Start of The data

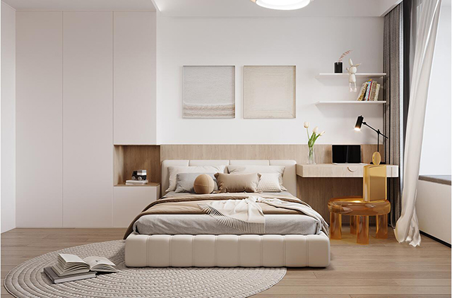 - 主卧:奶白软包床+半墙拼色,搭配悬浮床头柜+艺术挂画,温馨里裹着轻奢质
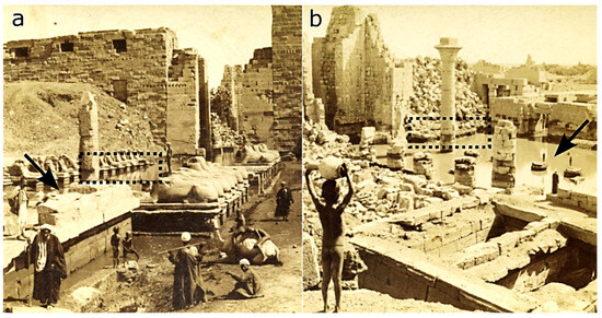 Two historical photographs from 1898 by B.W. Kilburn showing the first pylon of the Karnak Temples. The stone building materials are visibly affected by flash flooding, as indicated by black arrows and highlighted within dotted rectangles (a,b). From [59].
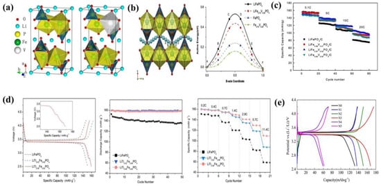 (a) Pure LiFePO4 in a unit cell and 25% vanadium doped into the Fe site of LiFePO4 [89]; (b) the minimum energy path for Li+ diffusion along the b-axis tunnel in pure and doped LiFePO4 with complete lithiation and complete delithiation phases [89]; (c) the cycling performance of LiFe1-xVxPO4/C (x = 0, 0.01, 0.03, 0.05) under varying discharge currents [90]; (d) the first charge/discharge curve, cycling performances (at 29 mA g−1 (0.2 C)) and rate performance of the pure and Ti-doped samples [93]; (e) initial charge/discharge curves of the pure and Ni-doped samples at a 0.1C rate [98].

End of The data

## Assignment:
Copy nothing but the lines from the line that contains "Two historical photographs" through the end of the listing, exactly, and keep pictures out of it.

## Final answer:
 Two historical photographs from 1898 by B.W. Kilburn showing the first pylon of the Karnak Temples. The stone building materials are visibly affected by flash flooding, as indicated by black arrows and highlighted within dotted rectangles (a,b). From [59].
 (a) Pure LiFePO4 in a unit cell and 25% vanadium doped into the Fe site of LiFePO4 [89]; (b) the minimum energy path for Li+ diffusion along the b-axis tunnel in pure and doped LiFePO4 with complete lithiation and complete delithiation phases [89]; (c) the cycling performance of LiFe1-xVxPO4/C (x = 0, 0.01, 0.03, 0.05) under varying discharge currents [90]; (d) the first charge/discharge curve, cycling performances (at 29 mA g−1 (0.2 C)) and rate performance of the pure and Ti-doped samples [93]; (e) initial charge/discharge curves of the pure and Ni-doped samples at a 0.1C rate [98].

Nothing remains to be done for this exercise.